Senger fishing Elbow for Brook Trout

It’s also worth noting that in Alberta there’s been what I’d call ‘aggressive’ moves by wildlife management to remove brookies from some water systems. Google it up and you’ll find stories about electrocuting streams to remove them, and government permission for a select few anglers to remove as many as they could – all highly managed. I know a lot of the biologist folks managing wildlife, and have yet to meet one that isn’t sharp, or that doesn’t give a shit.  The rest of us follow the regulations of course, but it certainly makes me not feel badly at all about taking a limit of them out of a lake that’s teeming with them. It’s a bit of a perfect storm really culinarily: arguably the best tasting salmonid in our province is abundant to a fault, and an introduced species. Game on.

Jeff tending Hank’s cooking fire on the Solo Stove, frying up some Brookie bones.

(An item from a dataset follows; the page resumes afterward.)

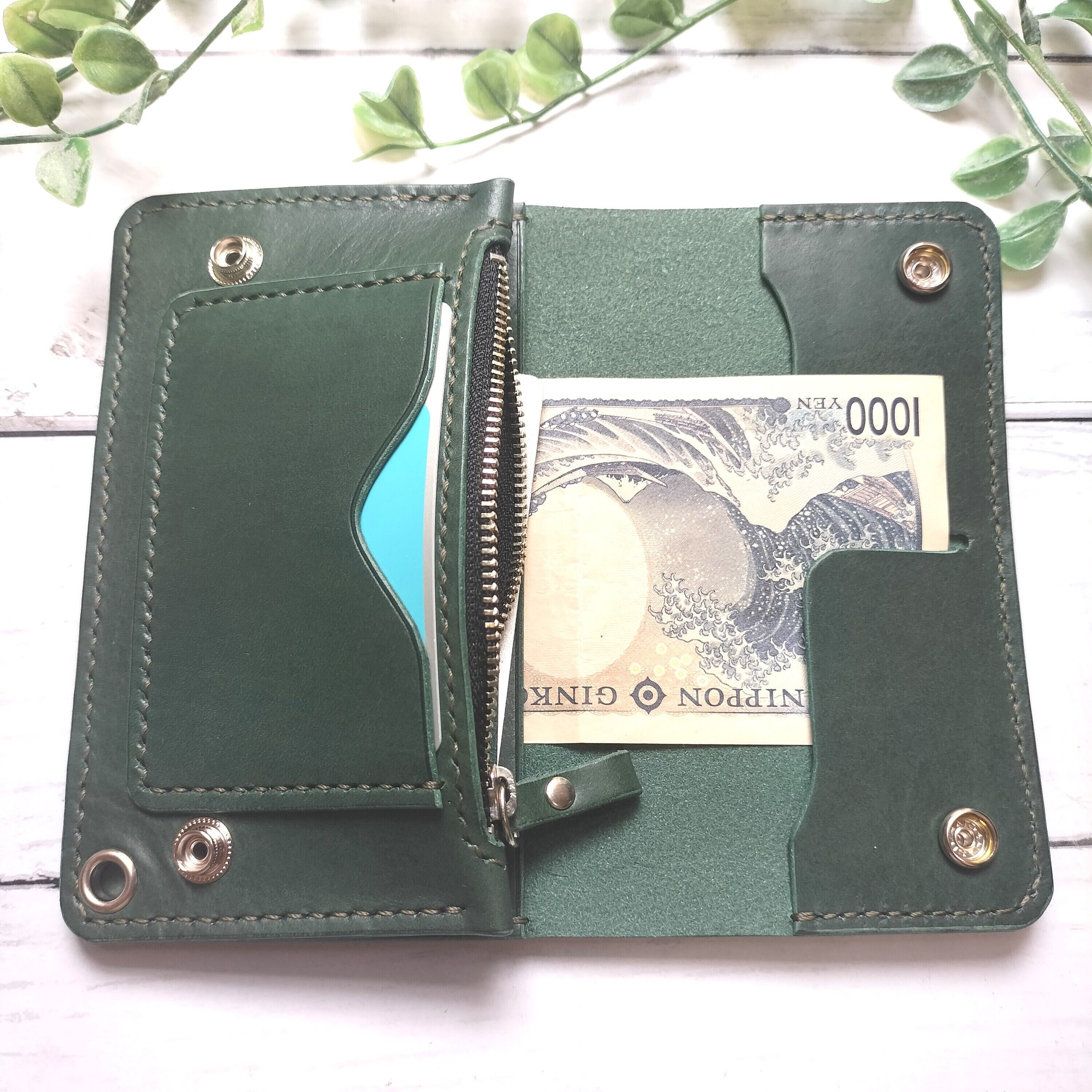 タンニン鞣し革を使用したトラッカーウォレット(長財布)です。

This day happened to be my day with a fly rod. I was able to land 5 fish, my best trout day ever, and best fly fishing day ever. Super grateful that the next step was eating them with some of the best wild food folks in the planet, all while pointing cameras. Oh, and we didn’t just fry them up – we really dug into their potential, Hank did 4 preparations, one of which he claims on camera is the best thing he’s cooked all year. Season 4 of From The Wild is shaping up to be a stunner.